Chapter 3
I tucked myself away in the gallery, in the farthest, darkest corner of the enormous auditorium, turning my seat into a small island of self-imposed exile. Under the hum of the projector and the professor's monotonous drone, I methodically folded paper modules. My hands, already well acquainted with this strange craft, moved on autopilot while my mind desperately tried to build a wall between itself and everything else in the room. A lecture on theater history. Lord, what utterly useless, life-divorced, common-sense-allergic, concentrated garbage.
Me. A thirty-eight-year-old man whose hands knew the weight of a hammer, the roughness of wood, and the drag of a computer mouse, now trapped in the scrawny body of a snotty college kid. In a world where a Chitauri armada or a purple titan with a genocide obsession could descend on the city at any moment, I was being made to sit here and listen to someone talk about catharsis in ancient Greek tragedy. The absurdity was so thick and viscous you could have cut it with a knife and spread it on toast.

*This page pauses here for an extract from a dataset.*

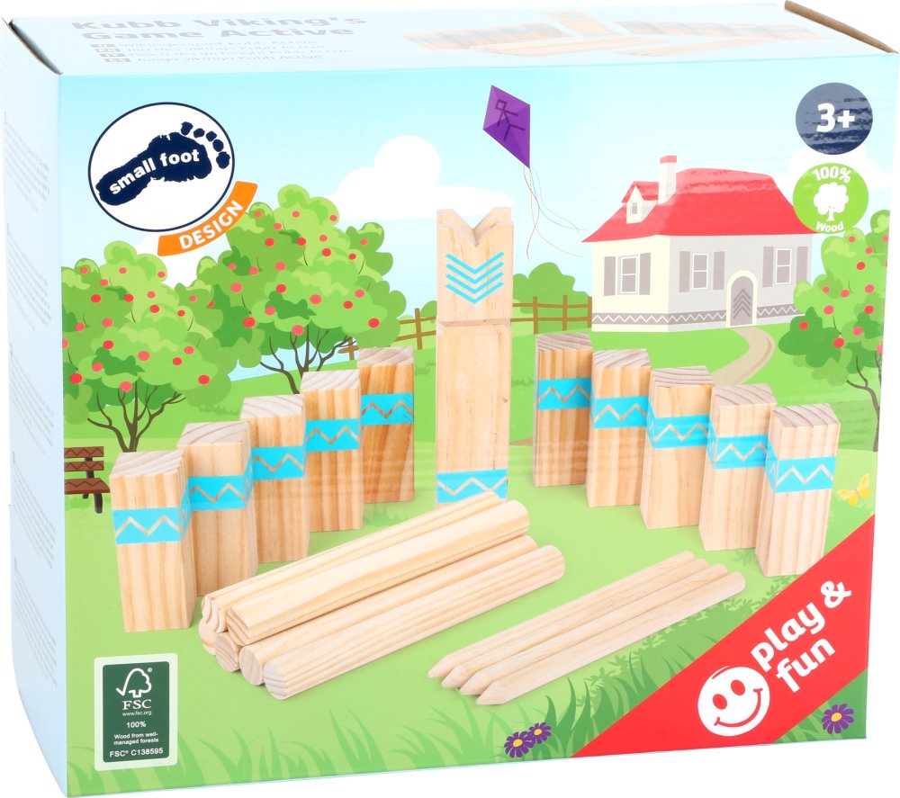 Aktív szórakozás! Ez az izgalmas ügyességi játék 100%-ban tanúsított FSC® fából készült. Fiatalabb és idősebb játékosok számára is alkalmas, hiszen ez egy precíziós játék. Gyönyörű a designja, ez a kültéri játék mindenki figyelmét felkelti, akár a kertben, akár a strandon. A kis rudakkal jelölje ki a játékteret, a nagyobb rudakkal pedig dobálja, és próbálja meg ledönteni a kék jelölésű hasábokat. A pálya méretét Ön állíthatja be aszerint, hogy milyen nehézségi fok felel meg Önnek. Ki tudja legyőzni a viking királyt?A csomag tartalma: 1x király, 10x kubb, 6x kerek dobófa, 4x kis fa a játéktér kijelöléséhez. 2-12 játékos részére 5 éves kortól ajánlott. Főbb jellemzők: Fejleszti a gyermekek mozgáskoordinációját 100% FSC fából készült Az FSC® (Forest Stewardship Council) védjegy és tanúsítvány garantálja, hogy a fa, amelyből a termék készült, nem illegális kitermelésből származik, hanem olyan erdőkből, amelyeket fenntartható vagy természetközeli módon művelnek, szigorú környezetvédelmi és társadalmi követelmények betartásával. Az FSC® védjegy a terméken azt jelenti, hogy vásárlásával segít megvédeni az erdőket, és támogatja a fenntartható, felelős vagy természetközeli gazdálkodást, amelynek köszönhetően erdeink stabilabbak, egészségesebbek, természetes fajösszetételűek és jobban ellenállnak az éghajlatváltozás negatív hatásainak.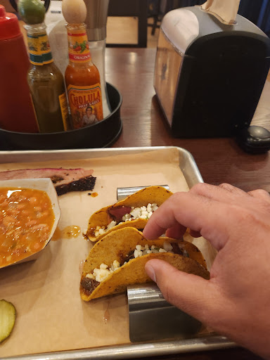 We ordered our dinner right after 5 oâclock and had to wait almost an hour for the food to come, which is unbelievable for a barbecue place. I ordered brisket and two tacos, with a side of rancho beans. The brisket was hard to eat as it was about 80% fat on my plate. The tacos were absolutely terrible. The tortilla had a weird texture to it, and the filling had way more chopped onion than meat. The beans were just gross. My wife had a similar situation with her plate, and both of us left extremely disappointed and still hungry. As we were getting up to leave some of the table next to us made a comment that theyâve been waiting over an hour for their food

Around me stretched a sleepy kingdom of student apathy. Everyone existed in their own private bubble, physically present but mentally miles away. The guy to my left, a textbook geek in glasses and a faded logo T-shirt, was hiding behind his laptop screen. Judging by the quiet periodic snorting and the way his shoulders shook, he was watching some sitcom and had completely tuned out the lecture. The girl beside him, acid-pink hair and a nose ring, was deep in a furious texting war on her phone, her fingers flying across the screen at a pace that suggested she was tapping out a Morse code SOS about the end of the world. And the hulk directly in front of me, whose bull neck took up half my field of vision, was shamelessly asleep with a thick textbook tented over his face, emitting the faintest trace of a snore. Against that backdrop, my quiet little hobby, which bothered no one, produced almost no sound, and gave off no smell, had somehow managed to attract unwanted attention.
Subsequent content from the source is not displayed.